The perspective view of the principal part of the origin position detection device of the encoder to which the embodiment of the present invention is applied.

FIG. 8 shows a sixth embodiment of the encoder origin position detecting device of the present invention.
The perspective view of the principal part of the origin position detection device of the encoder to which the embodiment of the present invention is applied.

FIG. 9 is a front view of a light source using LEDs.
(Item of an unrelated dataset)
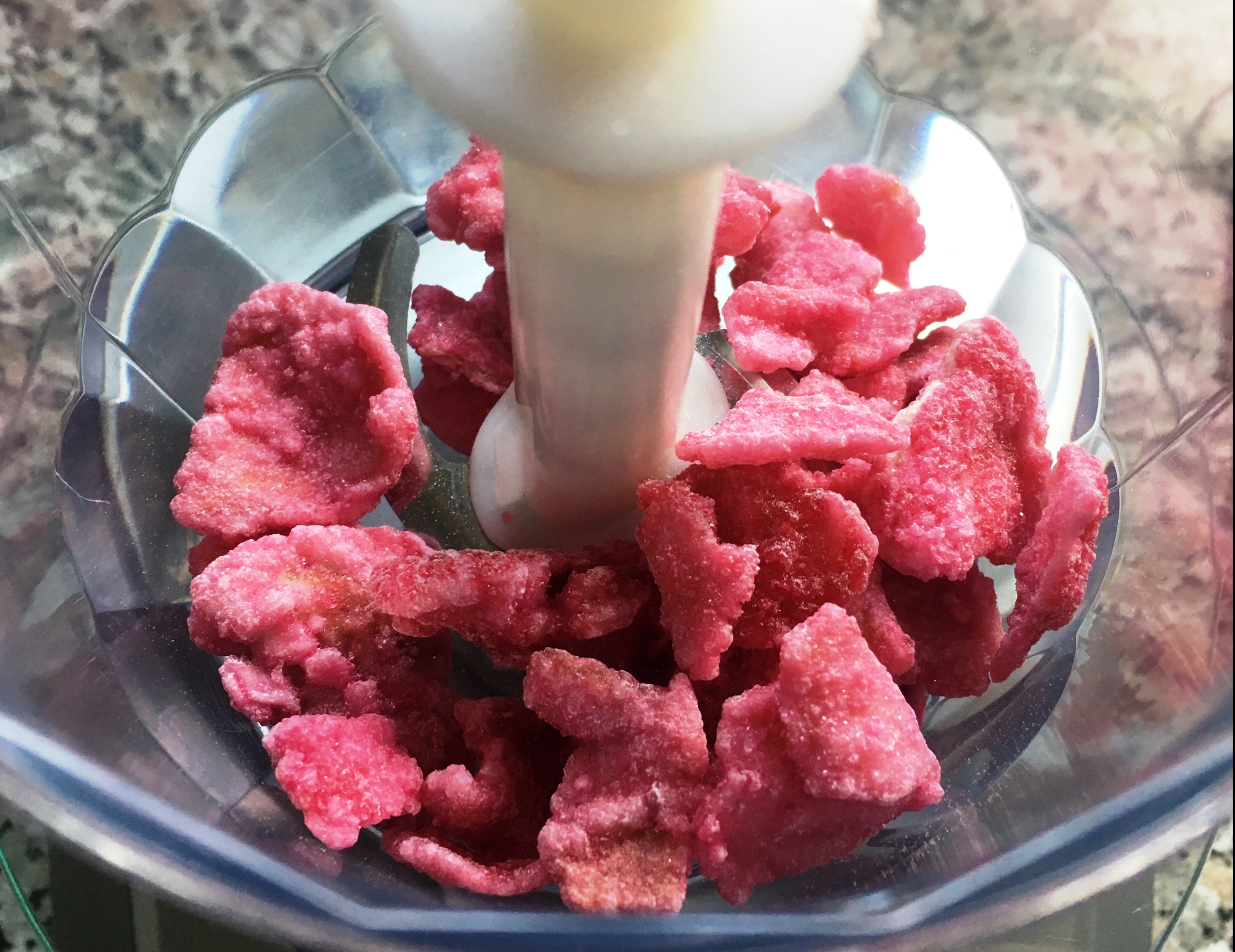 kandierte Rosenblüten zerkleinern zerkleinert - mit 200g Zucker vermischen

FIG. 10 is a bottom view of the light source of FIG. 9;

[Explanation of symbols]

1, 10, 20, 30, 40, 50 Origin position detection device of encoder 2, 11, 21, 31, 41, 51 Light source 3, 32 Reference position 4 Detector 5, 14 Light 5A, 14A Light cross section 6 Main Scale 7, 33 Slit 33T Long axis direction 8A, 8B PD 13 Cylindrical lens 22, 42 Light emitting element 23, 43 Lens 24, 44 Mask 25A, 25B Opening 26 Ray 26A Cross section 27A, 27B Ray 34 Ray cross section 34T Long axis 45 Light 46 Opening 47 Light 52 LD 53 Lens 54 Light 54 A Light cross section 60 LED 61 Light emitting surface

Claims (7)

[Claims] 1. An encoder origin position detecting device for detecting an origin position of an encoder that outputs an electric signal corresponding to a displacement of a movable body, wherein the device emits a light beam whose cross section perpendicular to the emission direction has a predetermined elongated cross section. A light source section, a main scale means having a light shaping section having a predetermined elongated shape and cutting out the light beam from the light source and reflecting or transmitting the light beam; Light-receiving means for converting, and the light-receiving means comprises at least two or more light-receiving elements arranged in a direction perpendicular to the direction of mutual movement with the main scale means, and Wherein the major axis of the cross-sectional shape and the major axis of the light shaping portion are inclined at a predetermined angle. 2. The light source unit comprises: a light emitting element for emitting light;
A cylindrical lens for condensing the light emitted by the light emitting element,
The origin position detecting device for an encoder according to claim 1, further comprising: 3. A light source unit comprising: a mask unit having two openings for dividing light into two light beams having different phases;
The encoder origin position detecting device according to claim 1 or 2, further comprising: 4. The light source unit emits the light beam whose major axis in a cross-sectional shape of the light beam is substantially perpendicular to the direction of relative movement with respect to the main scale means. 4. The origin of the encoder according to any one of claims 1 to 3, wherein the light source is formed to be inclined at a predetermined angle with respect to a major axis direction of the sectional shape of the light beam from the light source unit. Position detection device. 5. The light source unit according to claim 1, wherein the light source unit includes a mask unit having an opening having a rectangular or elliptical cross section perpendicular to an emission direction of the transmitted light beam. An origin position detecting device for an encoder according to any one of claims 1 to 4. 6. The light source section includes a laser diode that emits light beams having different emission angles within a cross section of the emitted light beam, and a lens that collects or parallelizes the light emitted from the laser diode. The origin position detecting device for an encoder according to any one of claims 1 to 4, wherein: 7. The encoder origin position detecting device according to claim 1, wherein the light source unit includes a light emitting diode having a light emitting surface elongated in one direction as a light source.